╭─ Data to examine

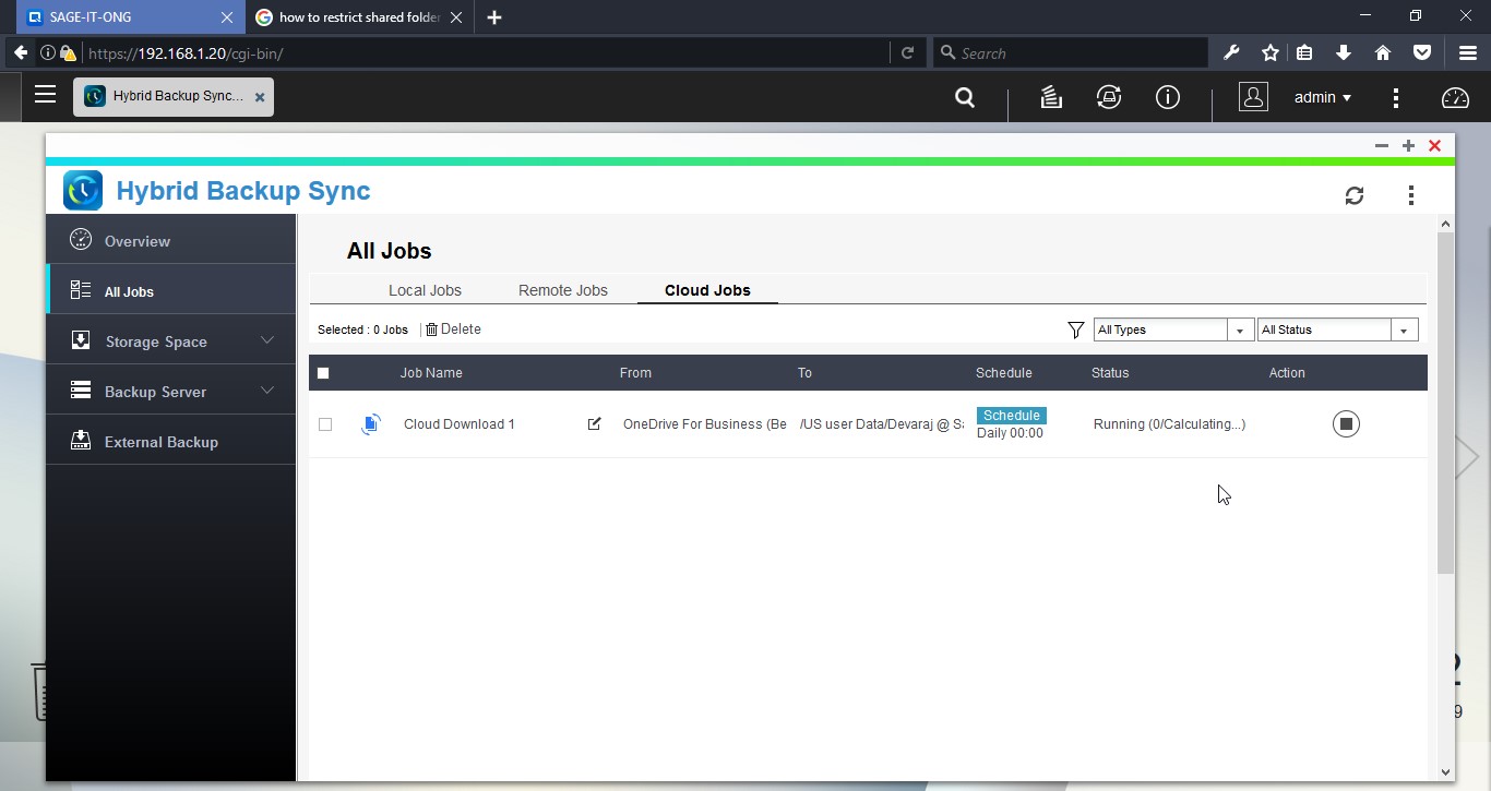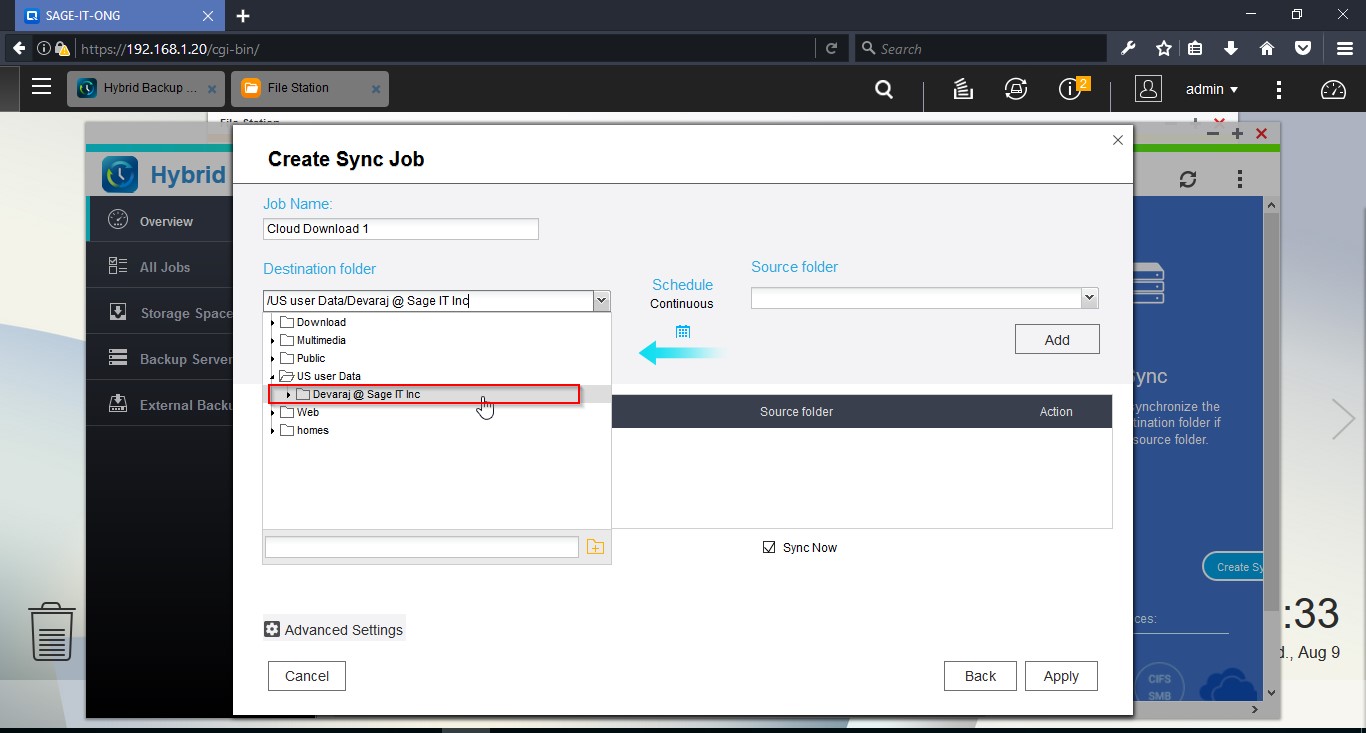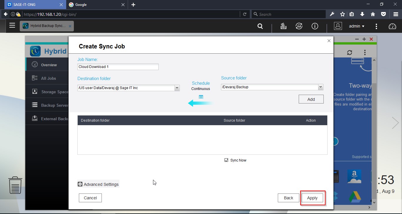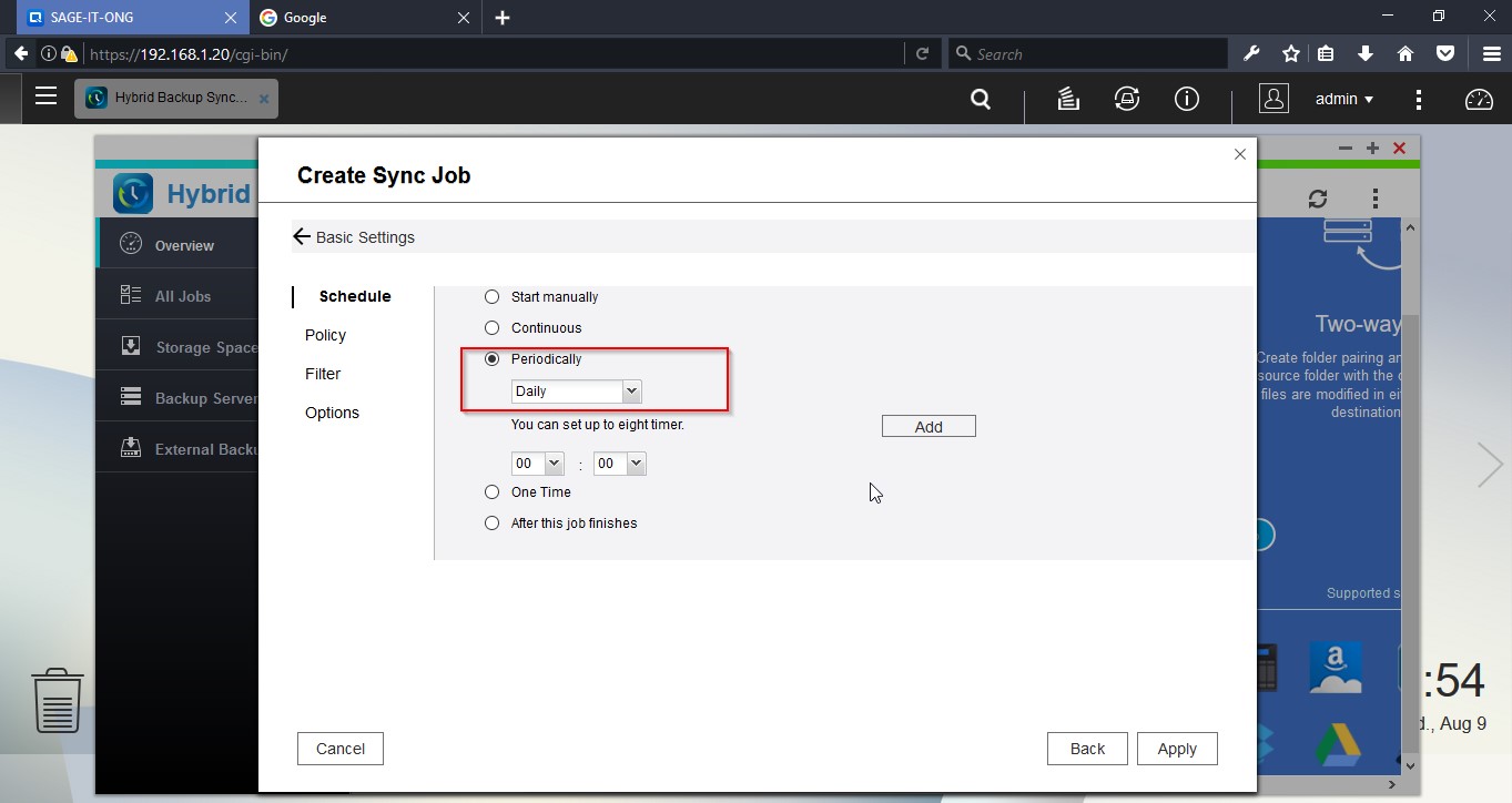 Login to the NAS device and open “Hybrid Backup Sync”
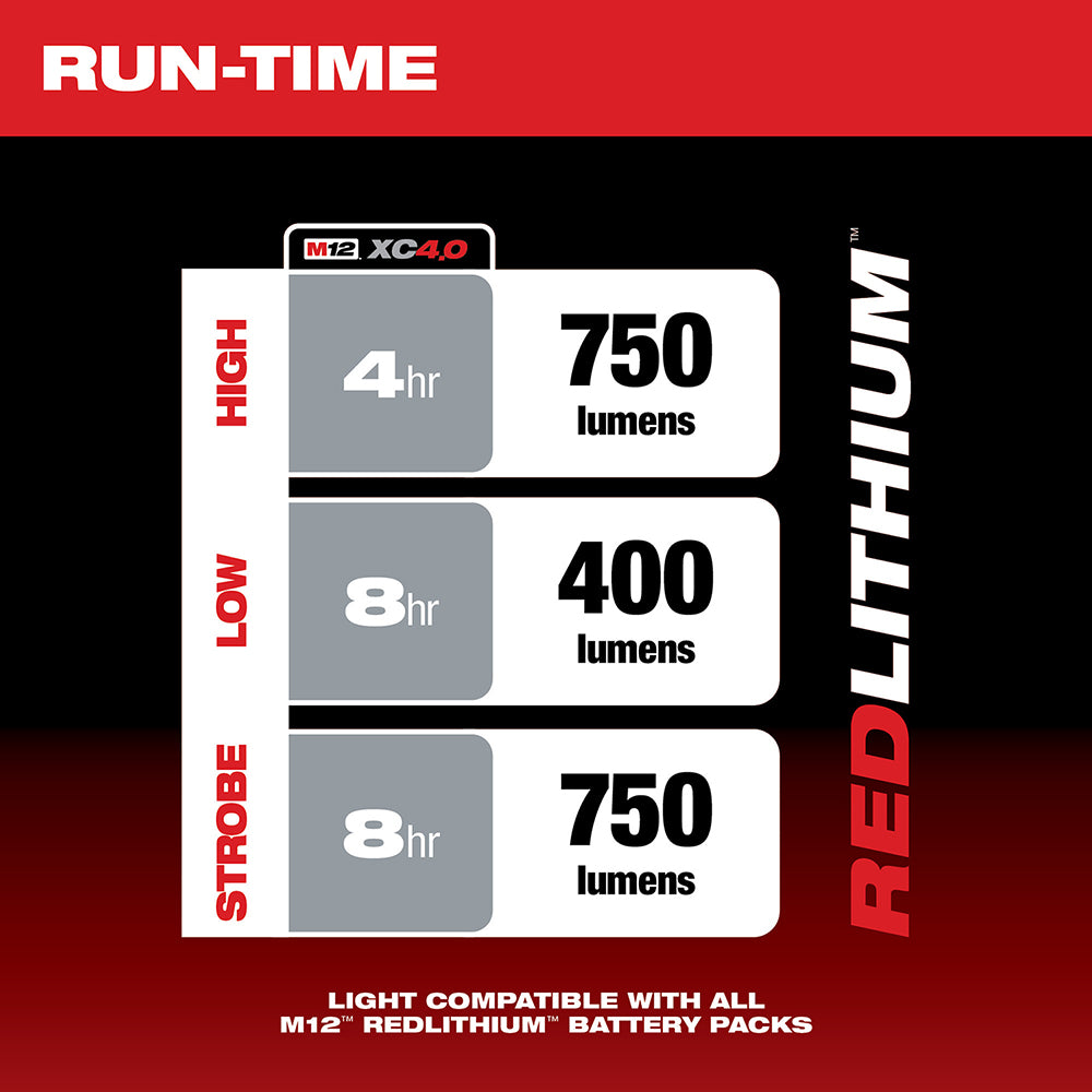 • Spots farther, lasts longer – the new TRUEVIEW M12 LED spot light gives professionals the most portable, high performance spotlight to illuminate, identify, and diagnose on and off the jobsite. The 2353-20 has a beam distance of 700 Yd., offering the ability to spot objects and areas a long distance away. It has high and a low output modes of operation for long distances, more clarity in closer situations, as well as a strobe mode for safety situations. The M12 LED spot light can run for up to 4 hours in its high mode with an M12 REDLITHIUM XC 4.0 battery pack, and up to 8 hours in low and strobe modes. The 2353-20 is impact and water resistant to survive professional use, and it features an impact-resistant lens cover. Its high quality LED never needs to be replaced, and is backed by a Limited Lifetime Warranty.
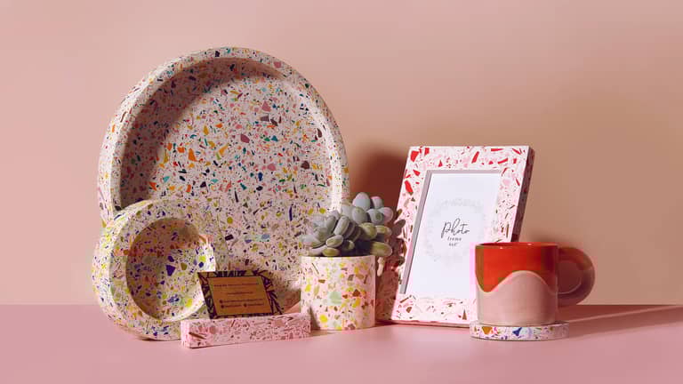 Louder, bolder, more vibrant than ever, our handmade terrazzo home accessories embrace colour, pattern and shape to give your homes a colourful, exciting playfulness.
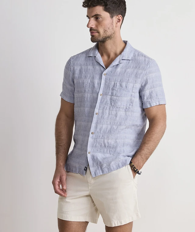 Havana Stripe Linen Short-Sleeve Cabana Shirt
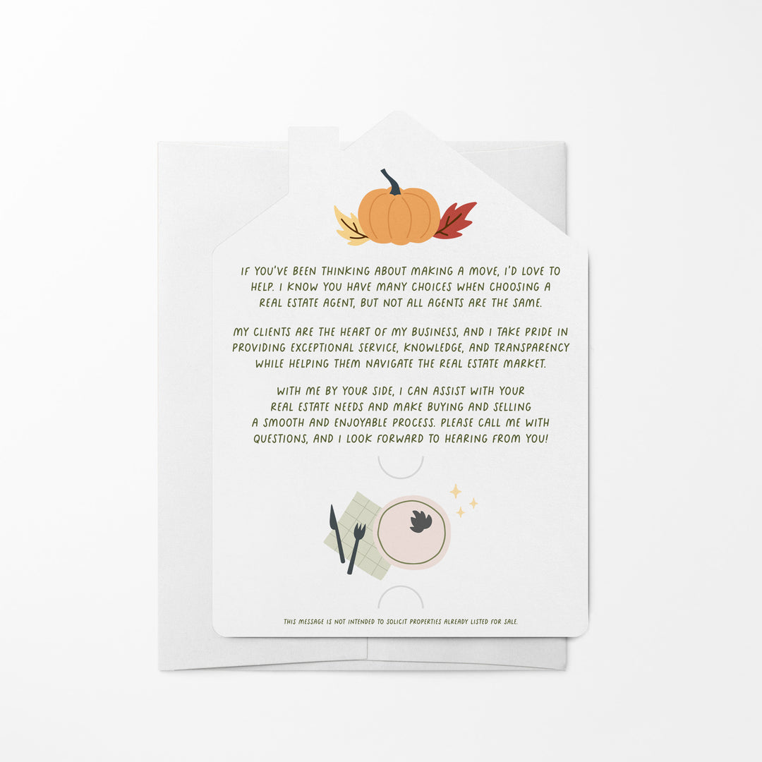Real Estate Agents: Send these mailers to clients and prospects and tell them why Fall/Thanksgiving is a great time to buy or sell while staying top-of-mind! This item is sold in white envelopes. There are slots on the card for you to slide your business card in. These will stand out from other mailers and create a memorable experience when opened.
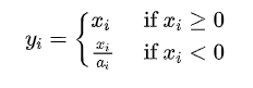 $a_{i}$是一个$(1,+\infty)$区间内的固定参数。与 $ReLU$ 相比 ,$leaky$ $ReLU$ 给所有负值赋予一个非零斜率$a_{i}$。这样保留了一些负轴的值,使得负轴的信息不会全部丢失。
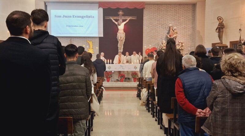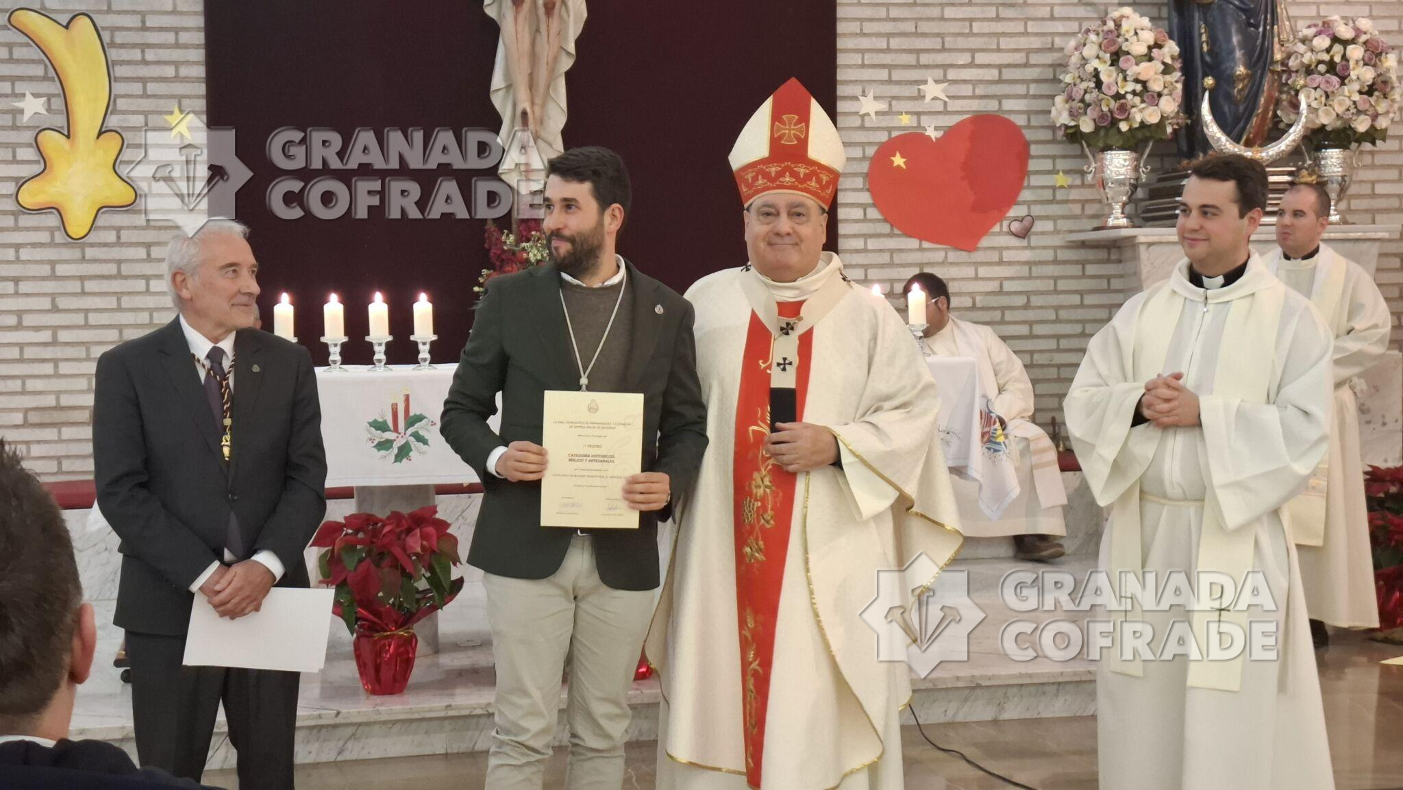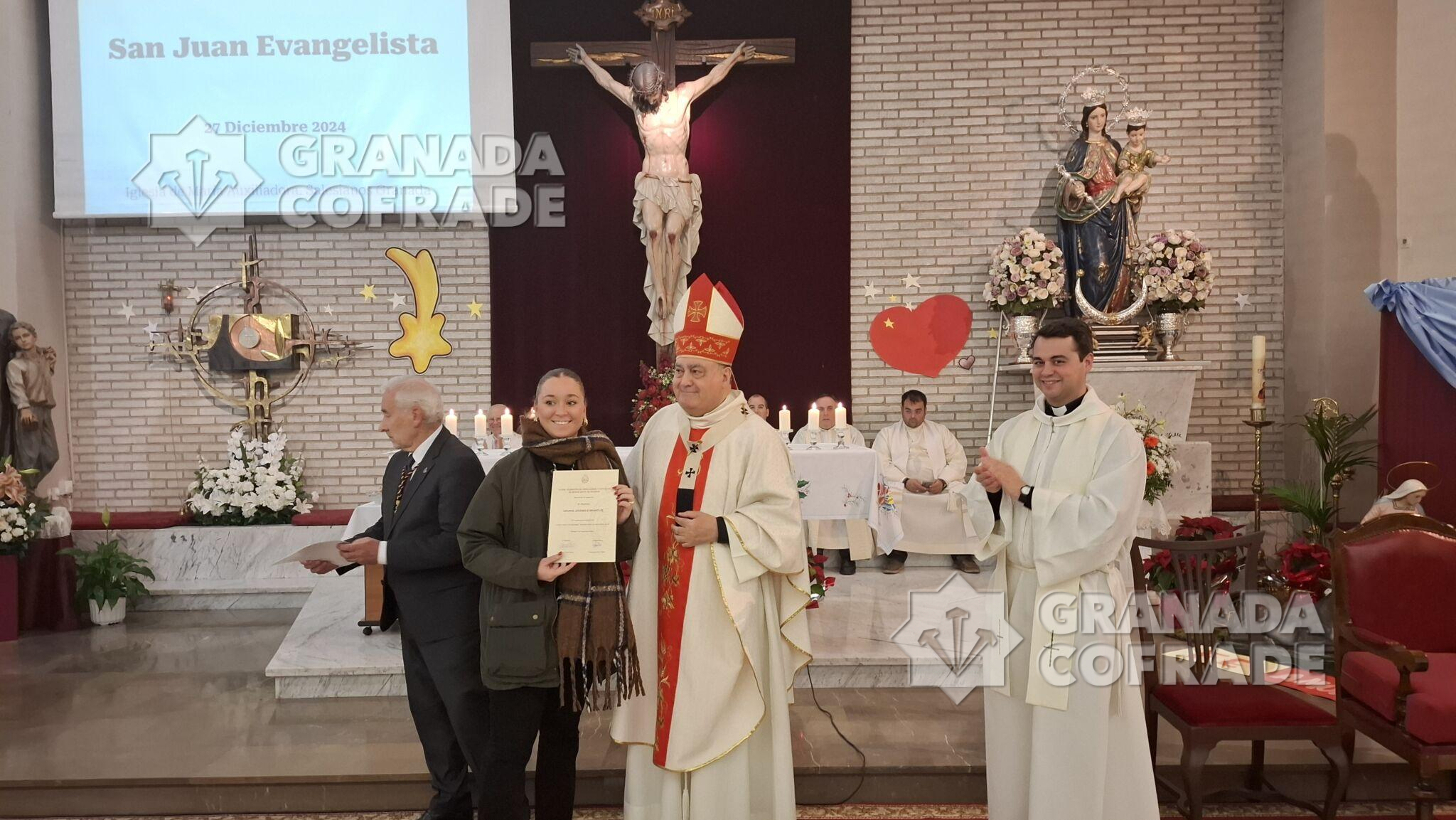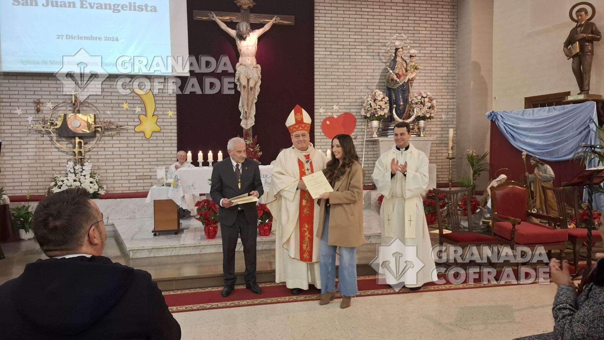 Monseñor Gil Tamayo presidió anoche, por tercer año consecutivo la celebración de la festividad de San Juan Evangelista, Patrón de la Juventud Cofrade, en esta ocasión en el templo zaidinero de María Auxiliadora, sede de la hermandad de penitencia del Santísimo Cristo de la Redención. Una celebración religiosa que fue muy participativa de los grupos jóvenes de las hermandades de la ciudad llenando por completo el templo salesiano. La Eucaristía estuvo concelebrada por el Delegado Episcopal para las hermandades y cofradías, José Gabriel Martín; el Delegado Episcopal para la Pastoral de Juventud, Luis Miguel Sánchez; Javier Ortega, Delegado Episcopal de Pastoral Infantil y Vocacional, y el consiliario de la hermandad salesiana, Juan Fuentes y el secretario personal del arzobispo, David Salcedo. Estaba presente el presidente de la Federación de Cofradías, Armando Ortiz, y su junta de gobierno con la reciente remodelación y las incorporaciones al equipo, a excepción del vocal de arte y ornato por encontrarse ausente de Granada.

╰─

__What to work on__.
Please return the whole listing exactly. Do not copy its images.

__Result of the task__.
 Login to the NAS device and open “Hybrid Backup Sync”
 • Spots farther, lasts longer – the new TRUEVIEW M12 LED spot light gives professionals the most portable, high performance spotlight to illuminate, identify, and diagnose on and off the jobsite. The 2353-20 has a beam distance of 700 Yd., offering the ability to spot objects and areas a long distance away. It has high and a low output modes of operation for long distances, more clarity in closer situations, as well as a strobe mode for safety situations. The M12 LED spot light can run for up to 4 hours in its high mode with an M12 REDLITHIUM XC 4.0 battery pack, and up to 8 hours in low and strobe modes. The 2353-20 is impact and water resistant to survive professional use, and it features an impact-resistant lens cover. Its high quality LED never needs to be replaced, and is backed by a Limited Lifetime Warranty.
 Louder, bolder, more vibrant than ever, our handmade terrazzo home accessories embrace colour, pattern and shape to give your homes a colourful, exciting playfulness.
 Havana Stripe Linen Short-Sleeve Cabana Shirt
Real Estate Agents: Send these mailers to clients and prospects and tell them why Fall/Thanksgiving is a great time to buy or sell while staying top-of-mind! This item is sold in white envelopes. There are slots on the card for you to slide your business card in. These will stand out from other mailers and create a memorable experience when opened.
 $a_{i}$是一个$(1,+\infty)$区间内的固定参数。与 $ReLU$ 相比 ,$leaky$ $ReLU$ 给所有负值赋予一个非零斜率$a_{i}$。这样保留了一些负轴的值,使得负轴的信息不会全部丢失。
 Monseñor Gil Tamayo presidió anoche, por tercer año consecutivo la celebración de la festividad de San Juan Evangelista, Patrón de la Juventud Cofrade, en esta ocasión en el templo zaidinero de María Auxiliadora, sede de la hermandad de penitencia del Santísimo Cristo de la Redención. Una celebración religiosa que fue muy participativa de los grupos jóvenes de las hermandades de la ciudad llenando por completo el templo salesiano. La Eucaristía estuvo concelebrada por el Delegado Episcopal para las hermandades y cofradías, José Gabriel Martín; el Delegado Episcopal para la Pastoral de Juventud, Luis Miguel Sánchez; Javier Ortega, Delegado Episcopal de Pastoral Infantil y Vocacional, y el consiliario de la hermandad salesiana, Juan Fuentes y el secretario personal del arzobispo, David Salcedo. Estaba presente el presidente de la Federación de Cofradías, Armando Ortiz, y su junta de gobierno con la reciente remodelación y las incorporaciones al equipo, a excepción del vocal de arte y ornato por encontrarse ausente de Granada.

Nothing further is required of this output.